Problem requirements »
The task calls for an exact retyping of the lines from the one holding "𝐷 = 𝐺𝐷𝑃𝑛 *100" through the end of the listing, with pictures omitted and nothing added.

Data section »
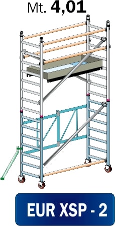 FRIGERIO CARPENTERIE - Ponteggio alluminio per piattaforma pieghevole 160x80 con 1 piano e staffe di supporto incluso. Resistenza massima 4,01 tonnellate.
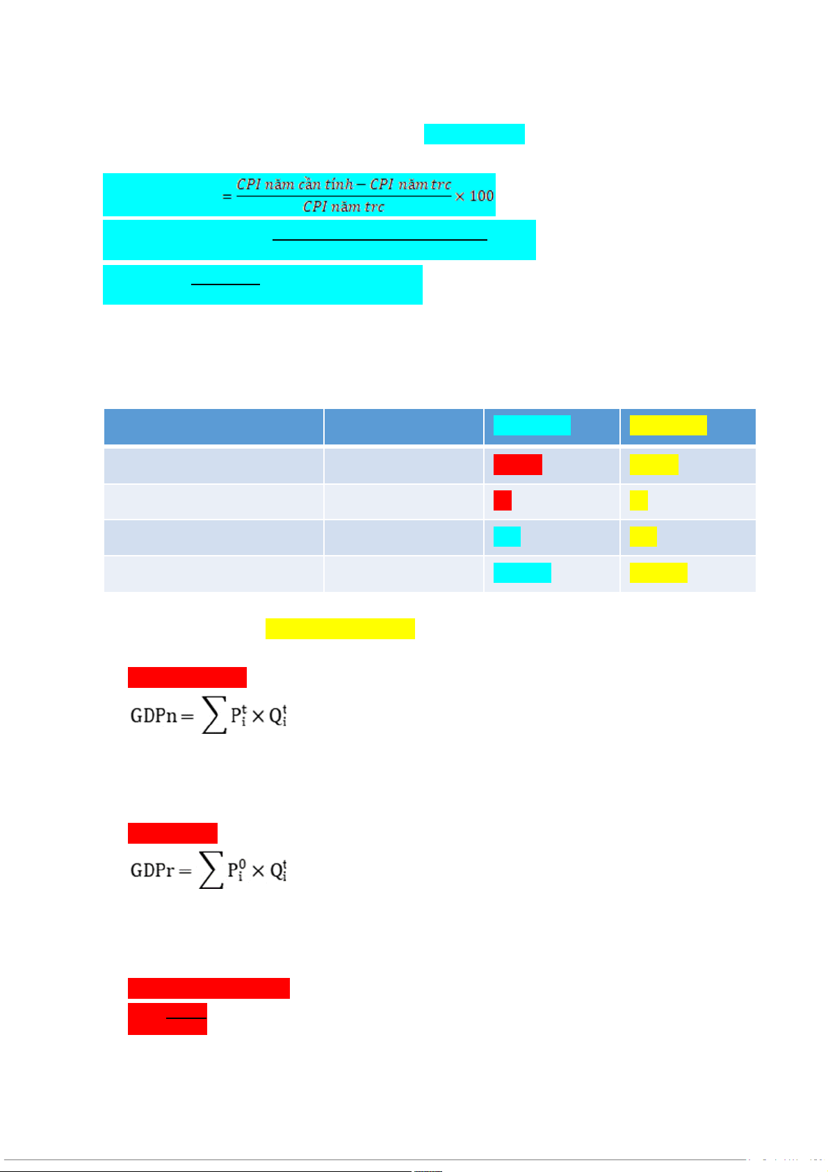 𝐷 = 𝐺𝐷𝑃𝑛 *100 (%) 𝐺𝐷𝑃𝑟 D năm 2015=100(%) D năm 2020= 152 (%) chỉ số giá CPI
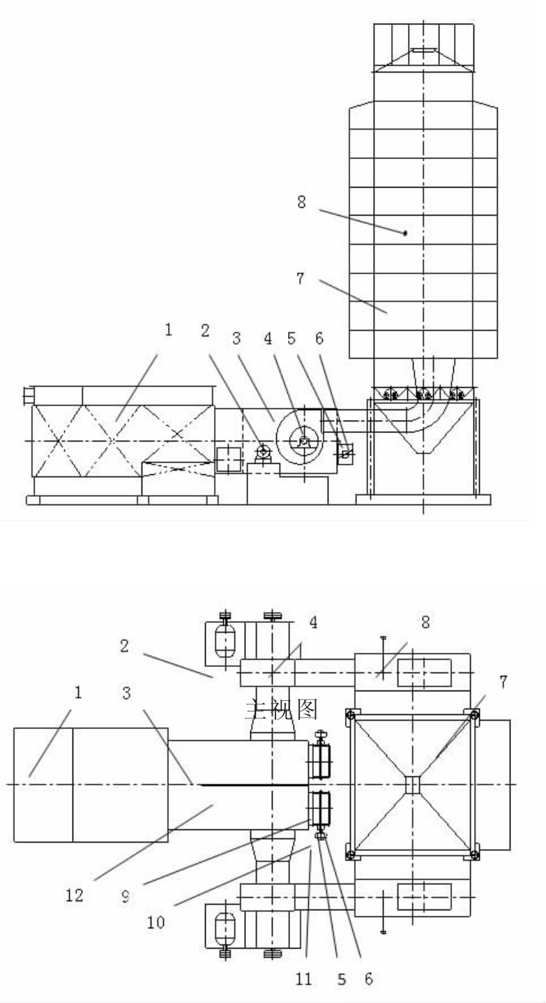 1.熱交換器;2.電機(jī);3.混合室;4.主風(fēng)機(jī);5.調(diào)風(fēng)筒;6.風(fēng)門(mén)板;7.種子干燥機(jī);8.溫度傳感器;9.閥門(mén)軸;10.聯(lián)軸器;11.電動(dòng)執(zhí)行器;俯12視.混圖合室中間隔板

Task answer »
 𝐷 = 𝐺𝐷𝑃𝑛 *100 (%) 𝐺𝐷𝑃𝑟 D năm 2015=100(%) D năm 2020= 152 (%) chỉ số giá CPI
 1.熱交換器;2.電機(jī);3.混合室;4.主風(fēng)機(jī);5.調(diào)風(fēng)筒;6.風(fēng)門(mén)板;7.種子干燥機(jī);8.溫度傳感器;9.閥門(mén)軸;10.聯(lián)軸器;11.電動(dòng)執(zhí)行器;俯12視.混圖合室中間隔板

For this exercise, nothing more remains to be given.